Print every record below exactly as it stands, but leave out the pictures.

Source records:
--- START ---

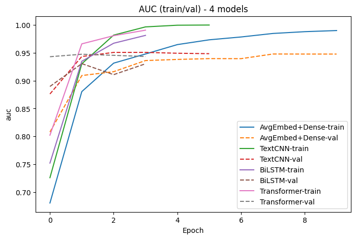 plot_histories(histories, metric="auc", title="AUC (train/val) - 4 models")
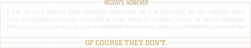 But, like the games we love so much, tailgating is constantly evolving. For that reason, the Tailgating Constitution is a living document, representative of the smorgasbord of unique fans it serves. If you, the reader/fan, feel as if you are not being adequately represented, take a stand. Let us know what you would like to see amended. If your proposal is ratified by three fifths of the governing body, it will be passed on to our scribes to be written in.
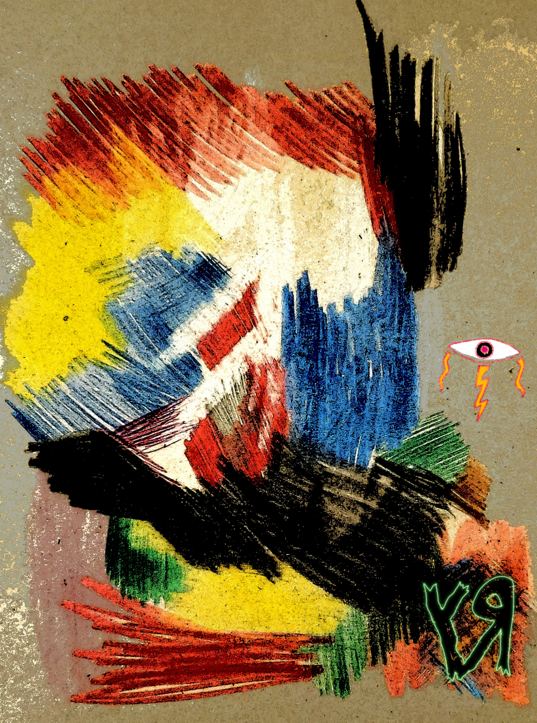 [Crayon, wax pencil, and felt pen on reclaimed cardboard with digital embellishments and color.] Color experiment. Emotional qualities of color and tone. And a flying eyeball shooting lightning, of course... ---Richard F. Yates (Holy Fool)
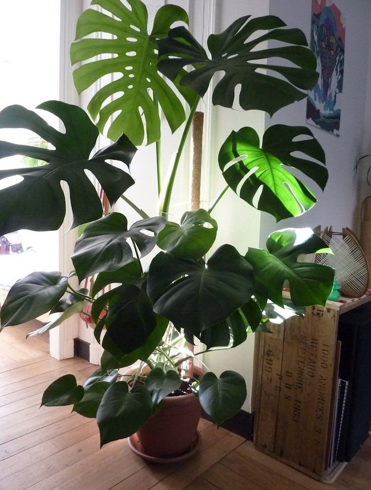 Отличительная черта этого домашнего растения – его неприхотливость. Именно поэтому комнатные растения монстеры с красивыми крупными рассечёнными листьями столь популярны. Однако следует учитывать, что монстера даже в жилом помещении может вырастать до 3-4 метров в высоту. Наилучшие места – просторные холлы с высокими потолками или офисные помещения. Можно использовать разросшиеся монстеры для создания затенения.
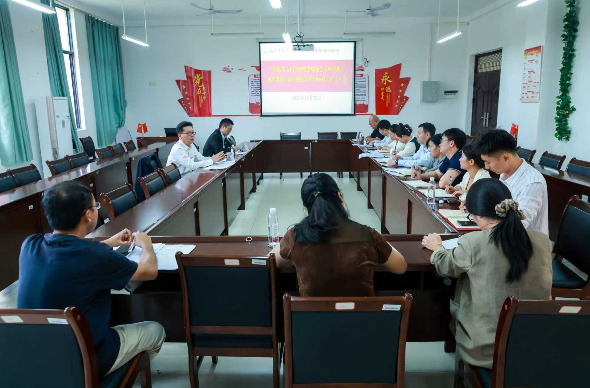 10月28日下午,旅游與文化學院在武鳴校區地信樓B201室召開學院黨委理論學習中心組2025年第六次專題學習集中研討(擴大)會。學校黨委書記張鵬到會巡聽旁聽并指導,黨委宣傳部部長紀明列席會議。會議由學院黨委書記賈坷主持。會前,與會人員進行了為期三天的個人自學。
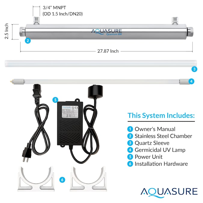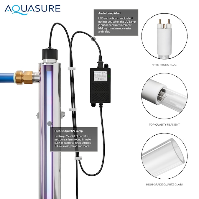 - A 8 GPM system is powerful enough to disinfect the whole house for cooking, bathing, and cleaning, AQUASURE 39-Watt UVC light system ensure continuous purification by running 24/7, day and night to keep water safe and healthy
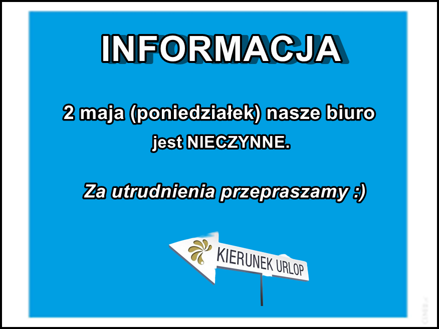 Informujemy, że nasze biuro 2 maja (poniedziałek) będzie nieczynne.
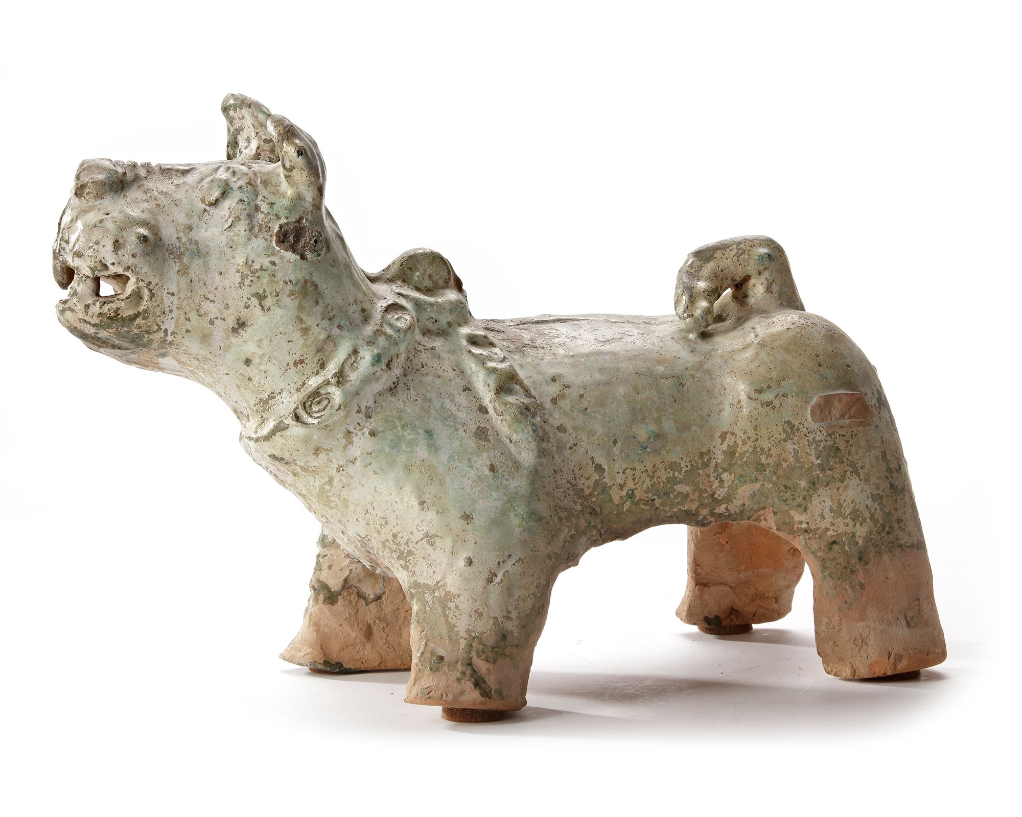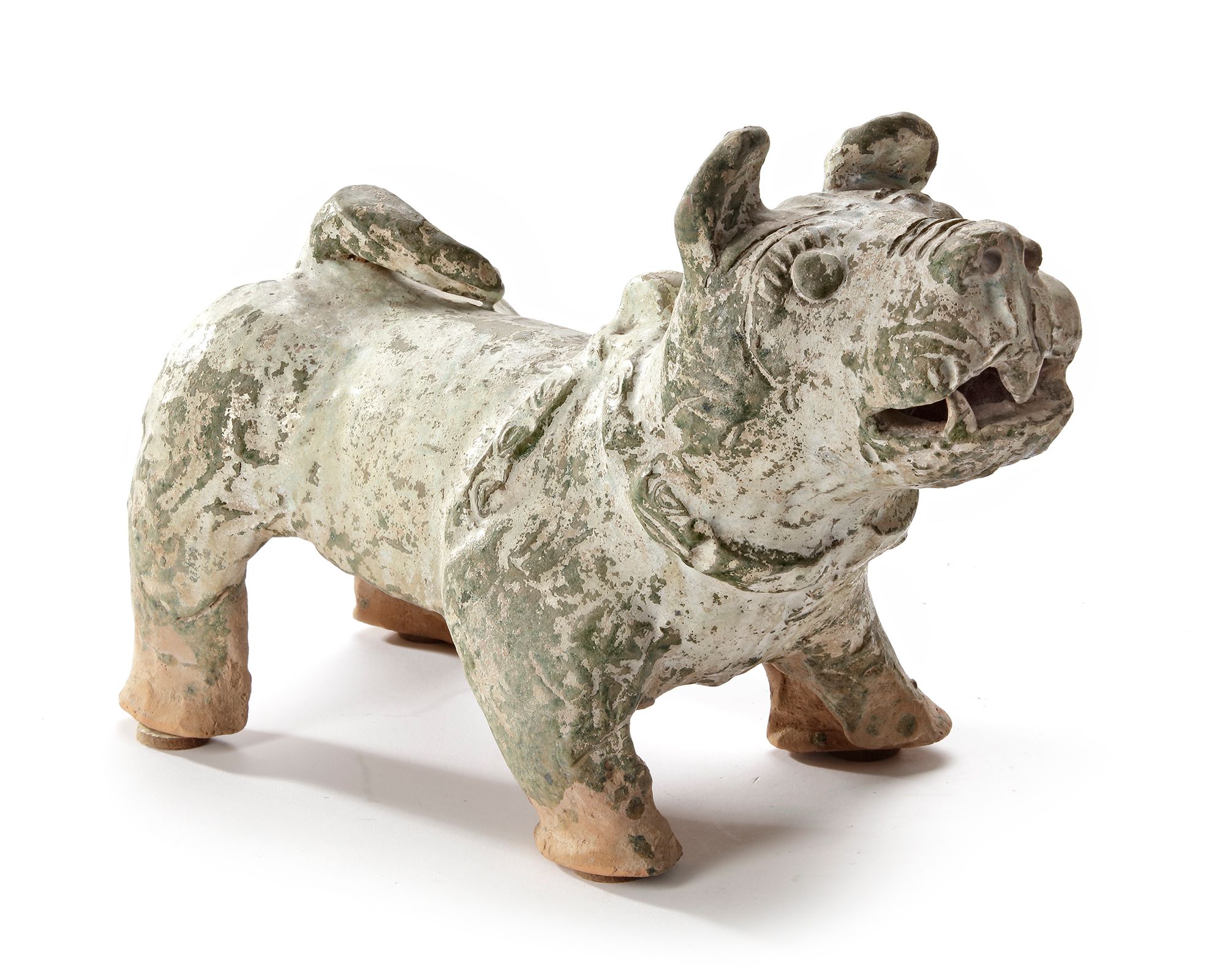 The green-glazed dog stands foursquare with its head raised. The face is well-modeled with bulging eyes, ears curled forward and alert, its open mouth reveals fangs and a lolling tongue. Double straps around the neck and chest join in a loop at the back. The tail curls up to one side, and the short feet have pointed toes. The entire dog is covered in a green glaze, which has become iridescent in areas.

--- END ---

■ Written response:
 plot_histories(histories, metric="auc", title="AUC (train/val) - 4 models")
 But, like the games we love so much, tailgating is constantly evolving. For that reason, the Tailgating Constitution is a living document, representative of the smorgasbord of unique fans it serves. If you, the reader/fan, feel as if you are not being adequately represented, take a stand. Let us know what you would like to see amended. If your proposal is ratified by three fifths of the governing body, it will be passed on to our scribes to be written in.
 [Crayon, wax pencil, and felt pen on reclaimed cardboard with digital embellishments and color.] Color experiment. Emotional qualities of color and tone. And a flying eyeball shooting lightning, of course... ---Richard F. Yates (Holy Fool)
 Отличительная черта этого домашнего растения – его неприхотливость. Именно поэтому комнатные растения монстеры с красивыми крупными рассечёнными листьями столь популярны. Однако следует учитывать, что монстера даже в жилом помещении может вырастать до 3-4 метров в высоту. Наилучшие места – просторные холлы с высокими потолками или офисные помещения. Можно использовать разросшиеся монстеры для создания затенения.
 10月28日下午,旅游與文化學院在武鳴校區地信樓B201室召開學院黨委理論學習中心組2025年第六次專題學習集中研討(擴大)會。學校黨委書記張鵬到會巡聽旁聽并指導,黨委宣傳部部長紀明列席會議。會議由學院黨委書記賈坷主持。會前,與會人員進行了為期三天的個人自學。
 - A 8 GPM system is powerful enough to disinfect the whole house for cooking, bathing, and cleaning, AQUASURE 39-Watt UVC light system ensure continuous purification by running 24/7, day and night to keep water safe and healthy
 Informujemy, że nasze biuro 2 maja (poniedziałek) będzie nieczynne.
 The green-glazed dog stands foursquare with its head raised. The face is well-modeled with bulging eyes, ears curled forward and alert, its open mouth reveals fangs and a lolling tongue. Double straps around the neck and chest join in a loop at the back. The tail curls up to one side, and the short feet have pointed toes. The entire dog is covered in a green glaze, which has become iridescent in areas.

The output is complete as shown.